RECORDS SUPPLIED:
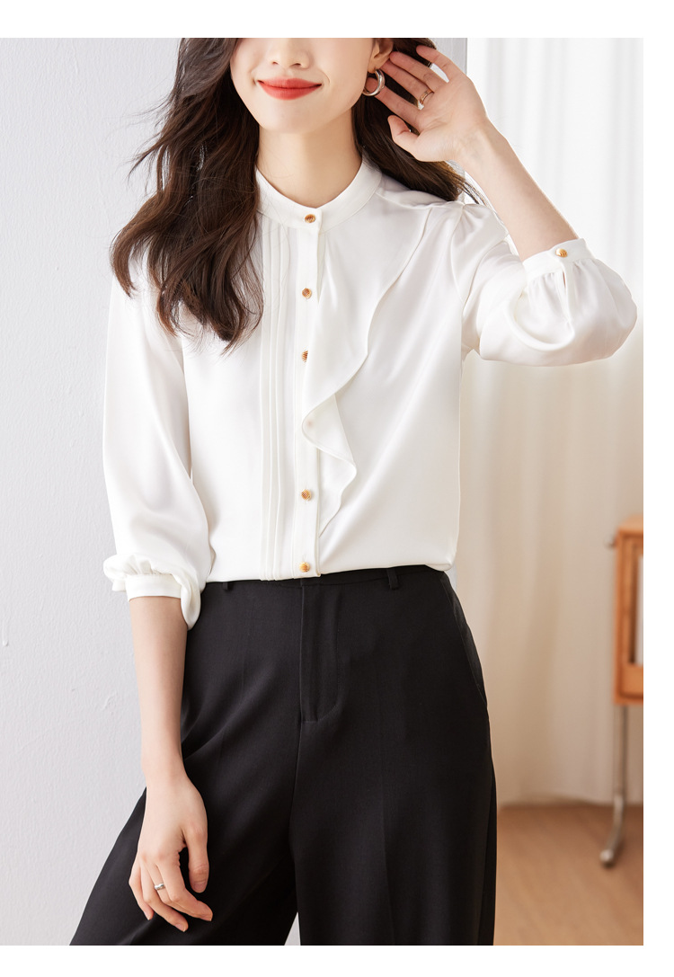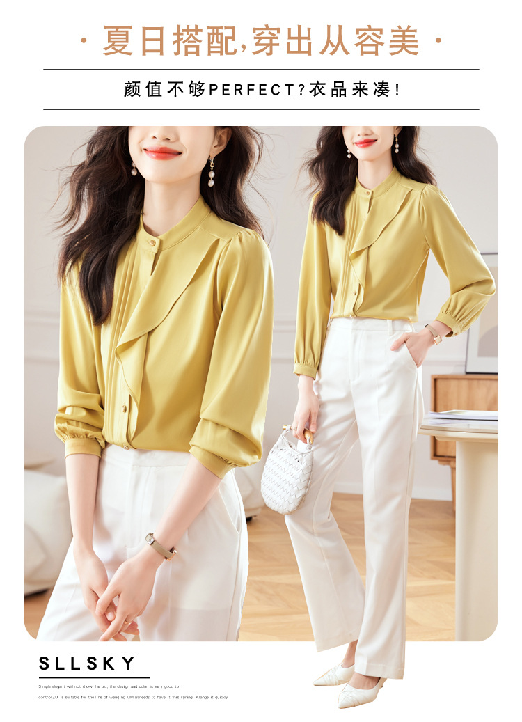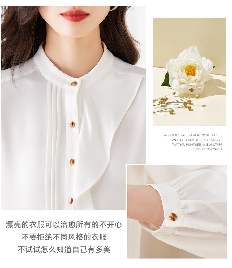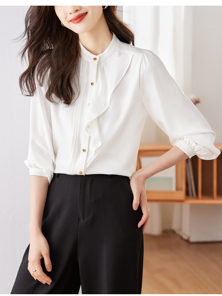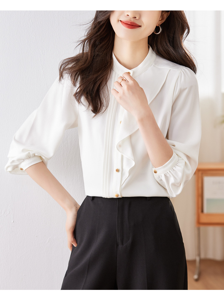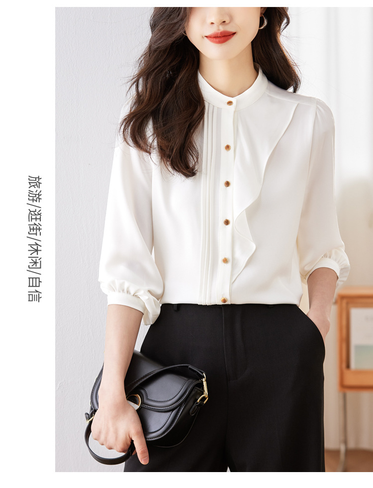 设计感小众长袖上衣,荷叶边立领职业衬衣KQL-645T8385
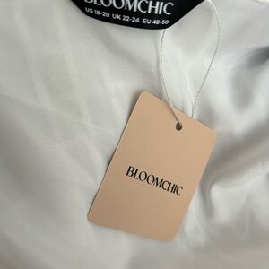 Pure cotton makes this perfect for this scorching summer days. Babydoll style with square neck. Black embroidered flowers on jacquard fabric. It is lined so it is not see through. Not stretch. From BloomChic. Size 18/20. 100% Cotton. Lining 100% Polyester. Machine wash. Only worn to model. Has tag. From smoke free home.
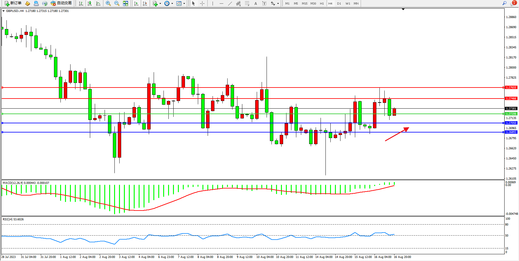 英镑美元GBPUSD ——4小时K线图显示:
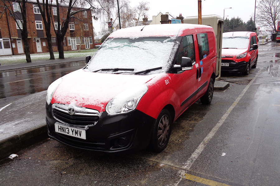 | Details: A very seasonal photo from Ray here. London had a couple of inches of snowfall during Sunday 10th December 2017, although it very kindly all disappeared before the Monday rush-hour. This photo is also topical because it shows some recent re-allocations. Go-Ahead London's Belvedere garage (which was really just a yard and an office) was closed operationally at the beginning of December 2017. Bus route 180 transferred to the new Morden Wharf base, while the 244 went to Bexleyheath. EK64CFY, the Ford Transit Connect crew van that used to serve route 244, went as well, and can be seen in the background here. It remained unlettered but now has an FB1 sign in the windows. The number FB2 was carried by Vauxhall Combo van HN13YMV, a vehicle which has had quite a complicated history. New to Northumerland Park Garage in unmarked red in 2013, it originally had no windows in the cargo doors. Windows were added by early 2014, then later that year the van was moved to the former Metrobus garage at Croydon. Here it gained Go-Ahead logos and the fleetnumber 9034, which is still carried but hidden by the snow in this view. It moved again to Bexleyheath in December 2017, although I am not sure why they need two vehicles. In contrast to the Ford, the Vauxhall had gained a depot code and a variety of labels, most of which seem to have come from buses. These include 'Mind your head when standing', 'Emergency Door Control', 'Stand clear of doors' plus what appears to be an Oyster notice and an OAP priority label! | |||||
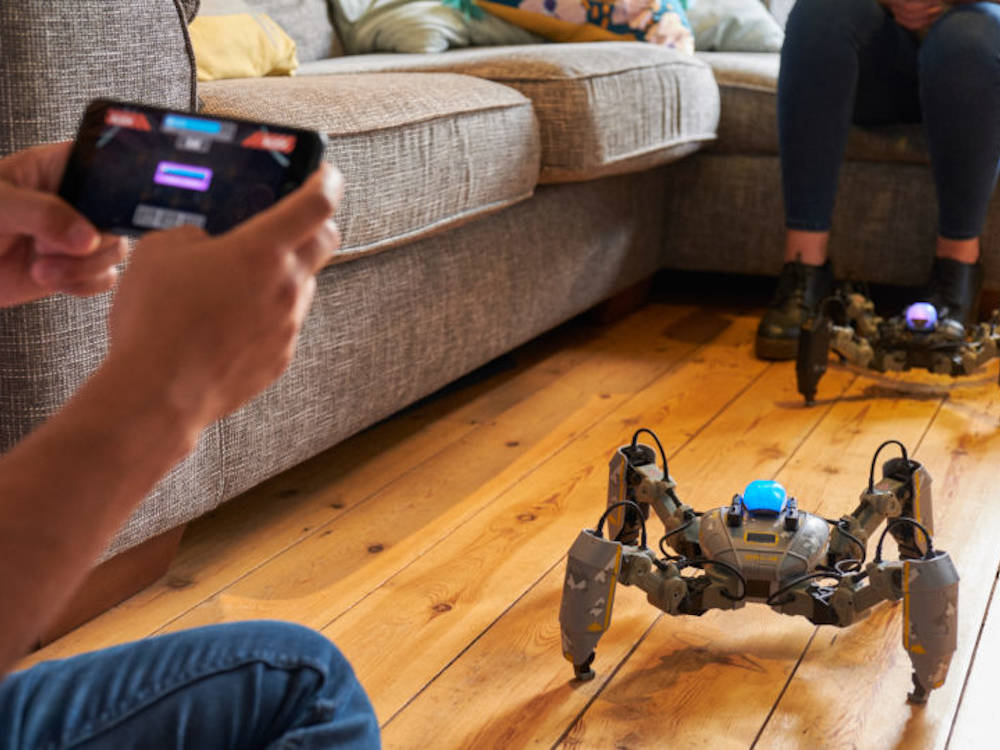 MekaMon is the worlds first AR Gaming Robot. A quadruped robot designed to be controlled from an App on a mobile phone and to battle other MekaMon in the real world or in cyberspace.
---
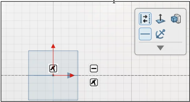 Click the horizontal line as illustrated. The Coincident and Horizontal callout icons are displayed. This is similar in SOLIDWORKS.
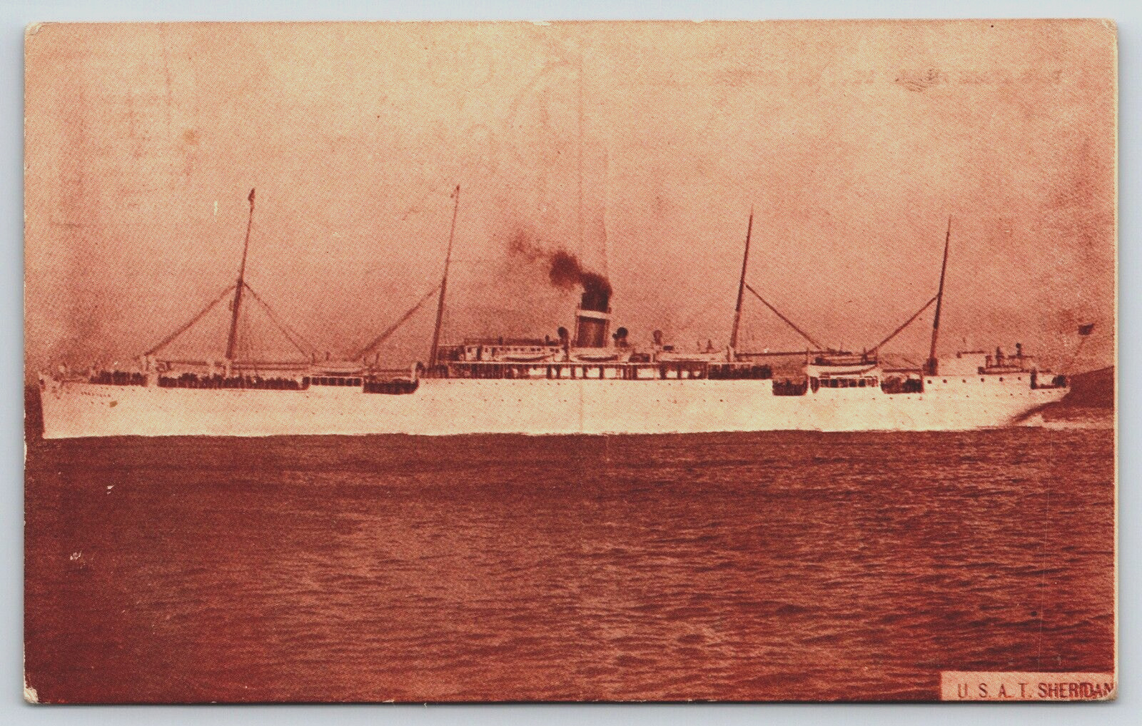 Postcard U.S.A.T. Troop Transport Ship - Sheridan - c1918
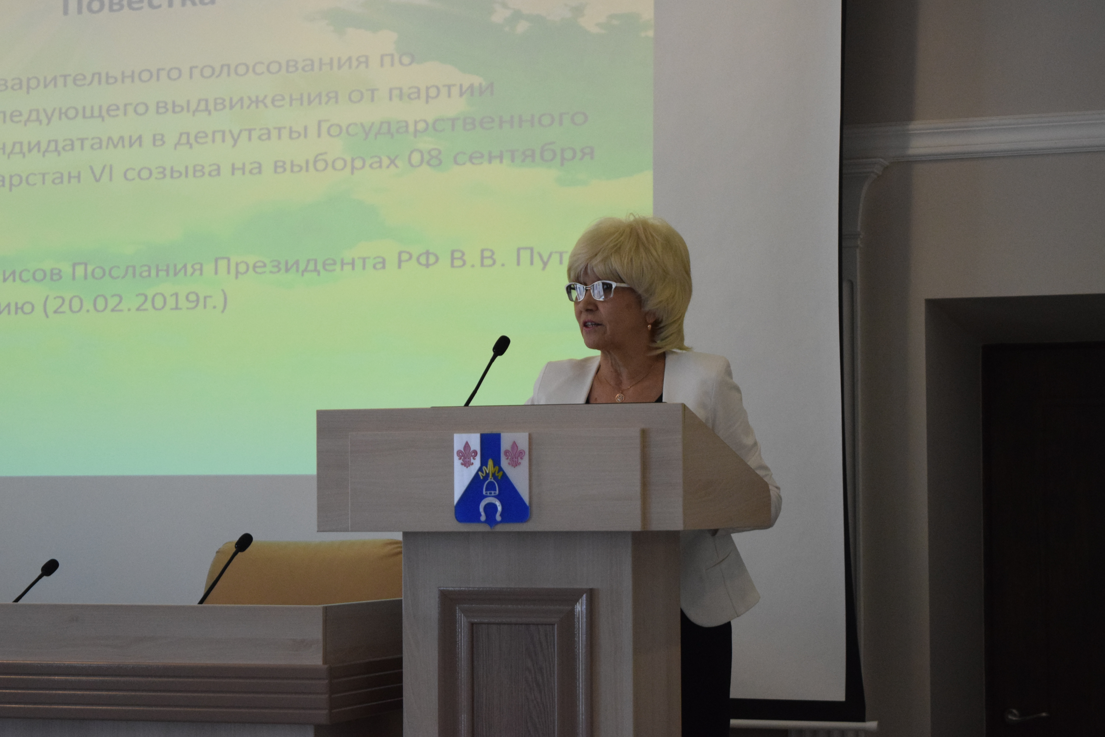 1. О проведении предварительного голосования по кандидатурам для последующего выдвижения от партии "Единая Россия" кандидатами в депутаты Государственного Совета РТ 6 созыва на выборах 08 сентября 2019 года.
--
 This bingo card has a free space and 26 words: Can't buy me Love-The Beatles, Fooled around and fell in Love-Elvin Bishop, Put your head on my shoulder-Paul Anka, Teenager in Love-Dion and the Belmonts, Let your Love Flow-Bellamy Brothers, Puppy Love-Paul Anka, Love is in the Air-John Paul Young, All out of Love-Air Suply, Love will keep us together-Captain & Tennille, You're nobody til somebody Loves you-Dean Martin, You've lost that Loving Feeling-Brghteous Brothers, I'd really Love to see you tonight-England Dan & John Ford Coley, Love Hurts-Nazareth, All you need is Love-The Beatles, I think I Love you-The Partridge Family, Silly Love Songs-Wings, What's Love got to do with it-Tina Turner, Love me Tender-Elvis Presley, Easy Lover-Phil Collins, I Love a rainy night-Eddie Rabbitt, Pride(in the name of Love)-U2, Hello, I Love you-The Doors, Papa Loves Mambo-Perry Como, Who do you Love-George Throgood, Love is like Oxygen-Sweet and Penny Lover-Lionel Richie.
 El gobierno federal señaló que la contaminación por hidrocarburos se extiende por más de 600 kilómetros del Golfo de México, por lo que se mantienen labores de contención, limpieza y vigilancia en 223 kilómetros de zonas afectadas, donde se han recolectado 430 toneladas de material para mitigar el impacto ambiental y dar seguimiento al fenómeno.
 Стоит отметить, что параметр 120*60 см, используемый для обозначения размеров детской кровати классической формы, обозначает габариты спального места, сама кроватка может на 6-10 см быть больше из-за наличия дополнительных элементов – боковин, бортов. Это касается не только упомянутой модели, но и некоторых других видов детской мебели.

REQUIRED WORK:
Once the line with "Postcard U.S.A.T. Troop" is found above, transcribe each line from it through the line with "1. О проведении", exactly, and omit the pictures.

THE ANSWER:
 Postcard U.S.A.T. Troop Transport Ship - Sheridan - c1918
 1. О проведении предварительного голосования по кандидатурам для последующего выдвижения от партии "Единая Россия" кандидатами в депутаты Государственного Совета РТ 6 созыва на выборах 08 сентября 2019 года.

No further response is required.